EXERCISE DESCRIPTION. Beginning with the line that includes "해당 테스트는 온라인", return every remaining line of the material exactly as it reads, but not the pictures.

DATASET CONTENT.
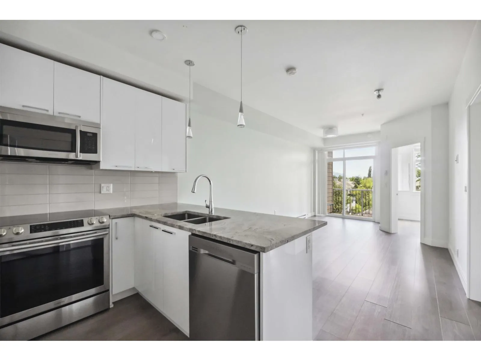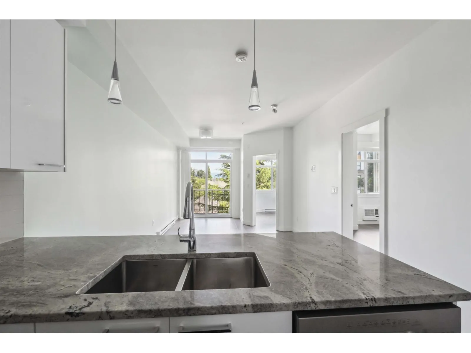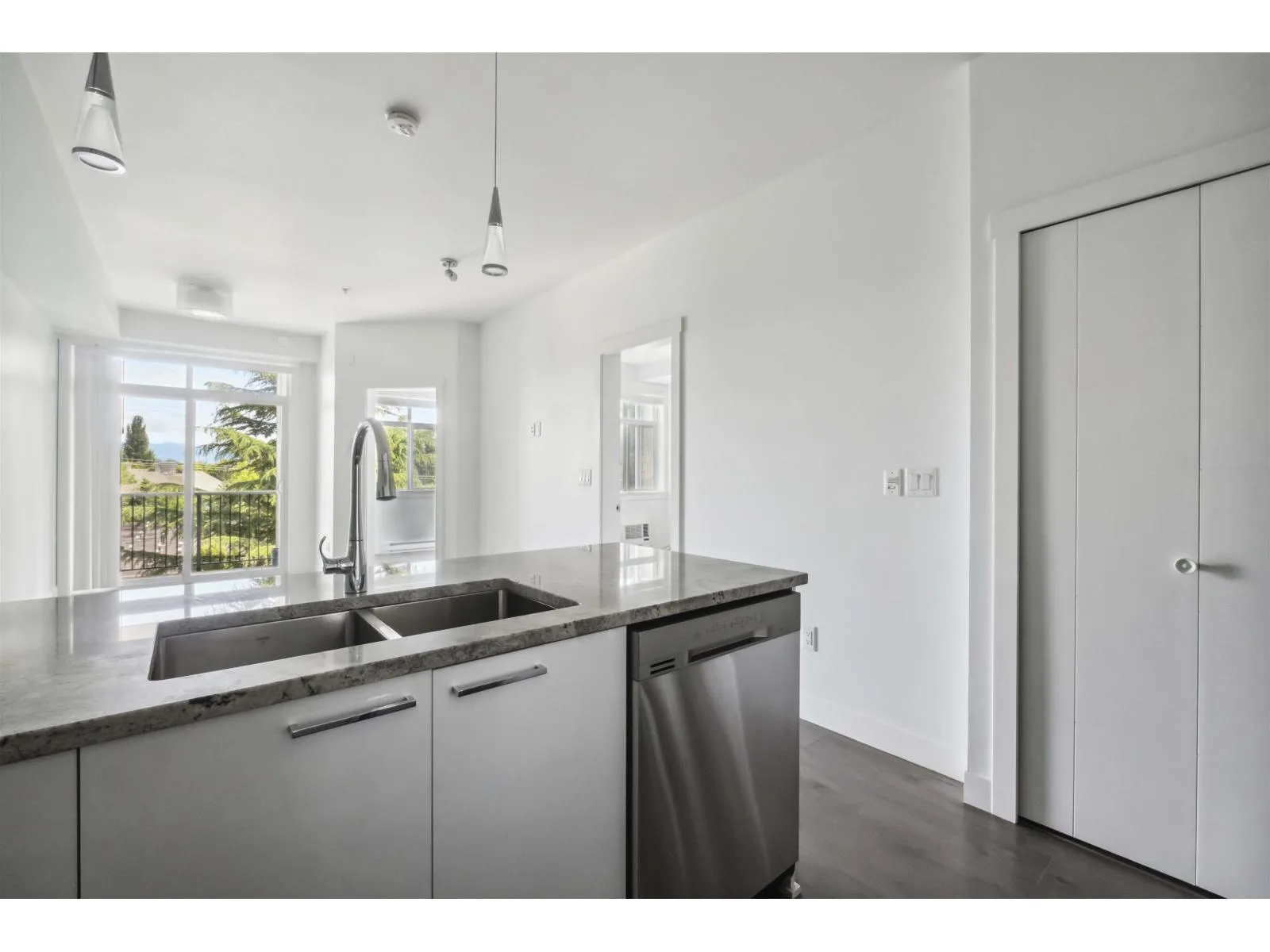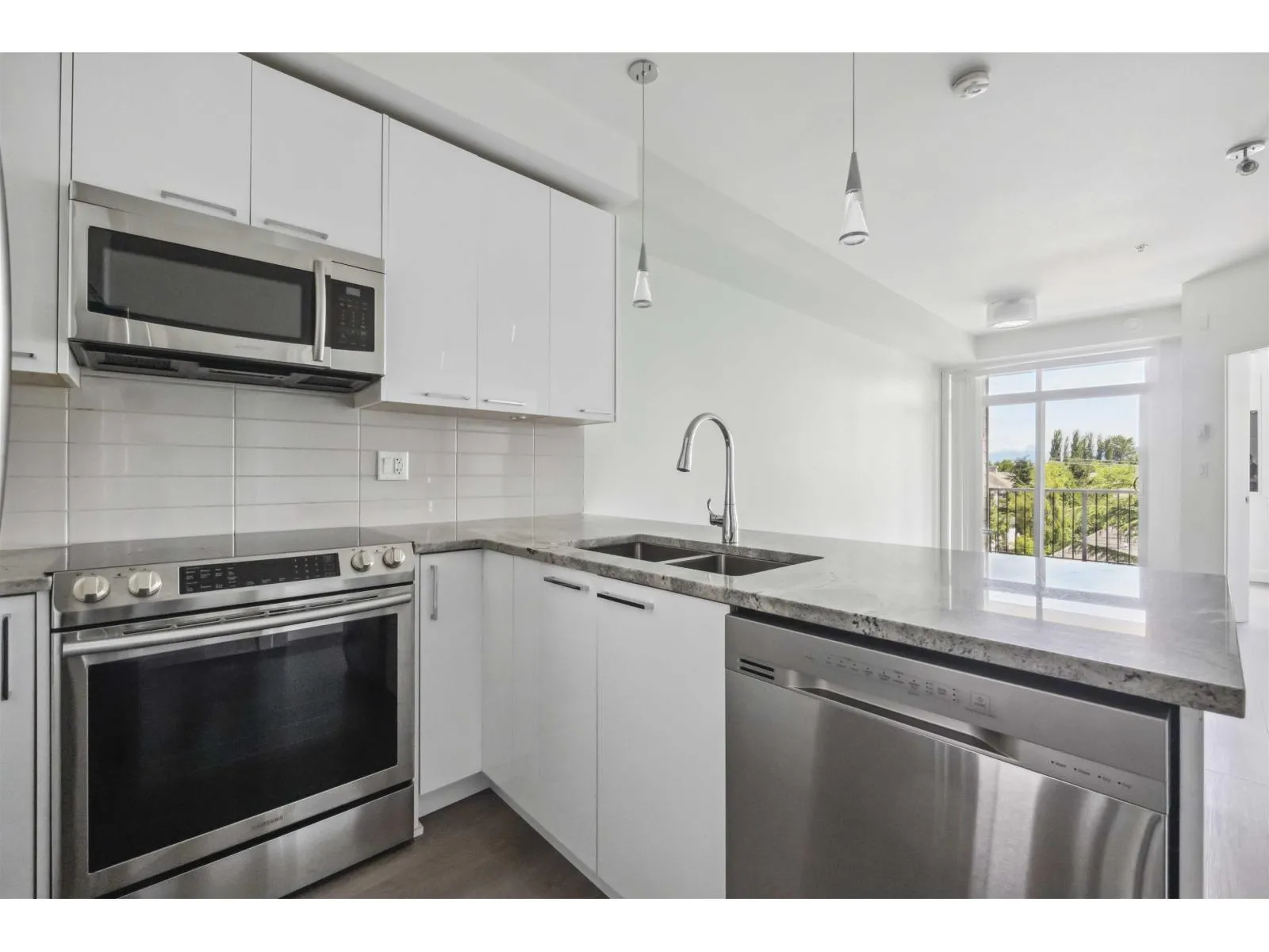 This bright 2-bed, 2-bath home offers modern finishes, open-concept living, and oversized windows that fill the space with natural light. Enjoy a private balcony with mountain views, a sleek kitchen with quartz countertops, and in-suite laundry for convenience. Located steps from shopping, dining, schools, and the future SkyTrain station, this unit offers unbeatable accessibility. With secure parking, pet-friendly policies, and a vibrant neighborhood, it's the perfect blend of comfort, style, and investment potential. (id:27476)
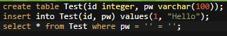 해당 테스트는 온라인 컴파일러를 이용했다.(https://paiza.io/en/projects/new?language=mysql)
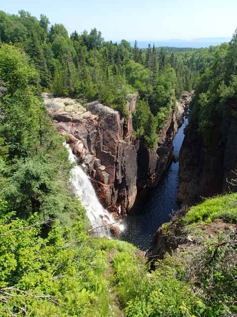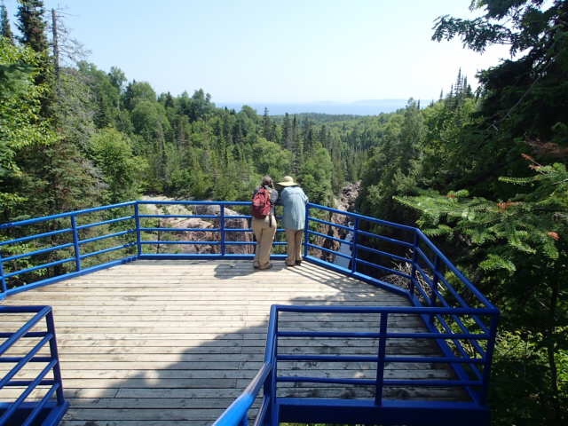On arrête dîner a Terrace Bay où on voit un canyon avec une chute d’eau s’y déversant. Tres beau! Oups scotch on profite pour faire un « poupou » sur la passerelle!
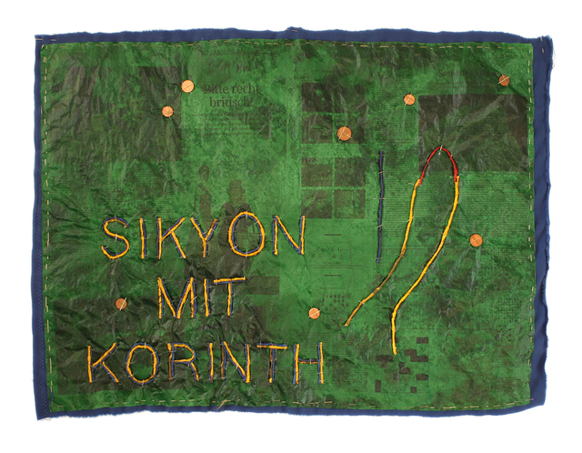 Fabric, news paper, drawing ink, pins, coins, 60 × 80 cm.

WRITTEN SOLUTION.
 해당 테스트는 온라인 컴파일러를 이용했다.(https://paiza.io/en/projects/new?language=mysql)
On arrête dîner a Terrace Bay où on voit un canyon avec une chute d’eau s’y déversant. Tres beau! Oups scotch on profite pour faire un « poupou » sur la passerelle!
 Fabric, news paper, drawing ink, pins, coins, 60 × 80 cm.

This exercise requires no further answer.